(SUPPLIED DATA Opens)

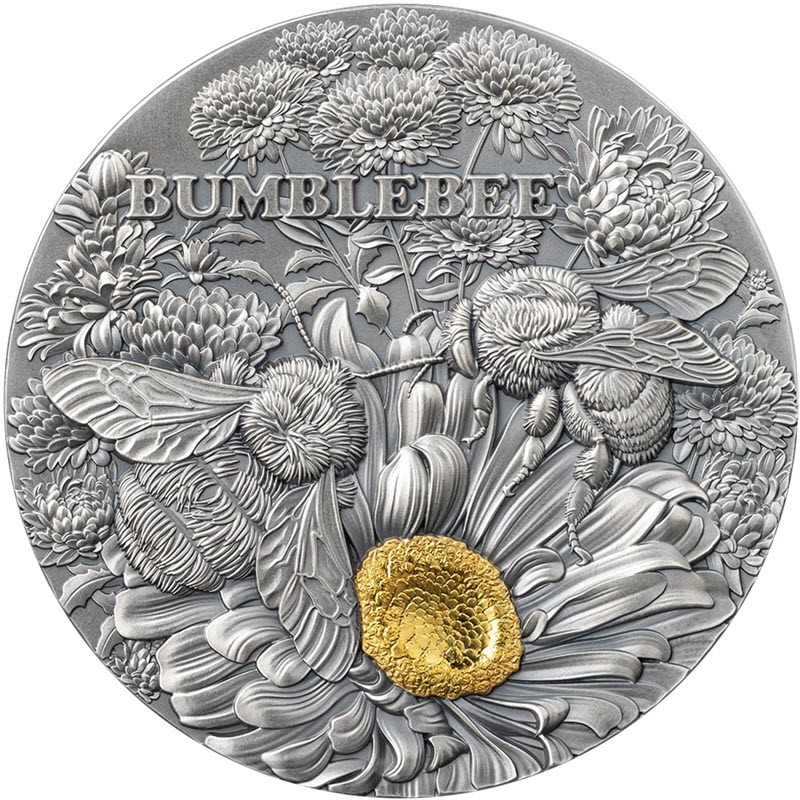 Эта серебряная монета весом 2 унции посвящена шмелям. У монеты очень подробный горельеф, отделка под старину, выборочная позолота, поставляется в тематической коробке вместе с сертификатом подлинности. Тираж: 500 штук!
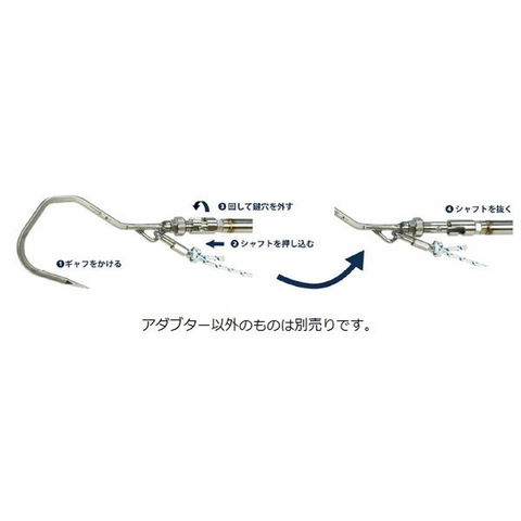 ギャフとシャフを状況に合わせて固定したり、 外してフライングギャフとして使用出来るアダブター。 ロック&ロック解除はワンアクションで行えます。 ロックショアからボートフィッシングまで対応可能。
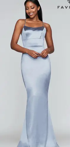 Scoop Neckline Satin Dress With Lace Up Back FAVIANA S10375 size 2 Style: faviana_S10375 Fabric: Stretch Satin Details: Spaghetti Straps, Wide Empire Waist, Backless, Lace Up Back, Back Zipper Closure, Back Godet, Sweep Train Length: Long Neckline: Straight-Across Waistline: Empire Silhouette: Mermaid Never worn no tag Purchase from dress store that was closing

(SUPPLIED DATA Closes)

◆ **AIM OF THE EXERCISE**
Retype all of the material above exactly; the pictures stay out.

◆ **EXERCISE RESPONSE**
 Эта серебряная монета весом 2 унции посвящена шмелям. У монеты очень подробный горельеф, отделка под старину, выборочная позолота, поставляется в тематической коробке вместе с сертификатом подлинности. Тираж: 500 штук!
 ギャフとシャフを状況に合わせて固定したり、 外してフライングギャフとして使用出来るアダブター。 ロック&ロック解除はワンアクションで行えます。 ロックショアからボートフィッシングまで対応可能。
 Scoop Neckline Satin Dress With Lace Up Back FAVIANA S10375 size 2 Style: faviana_S10375 Fabric: Stretch Satin Details: Spaghetti Straps, Wide Empire Waist, Backless, Lace Up Back, Back Zipper Closure, Back Godet, Sweep Train Length: Long Neckline: Straight-Across Waistline: Empire Silhouette: Mermaid Never worn no tag Purchase from dress store that was closing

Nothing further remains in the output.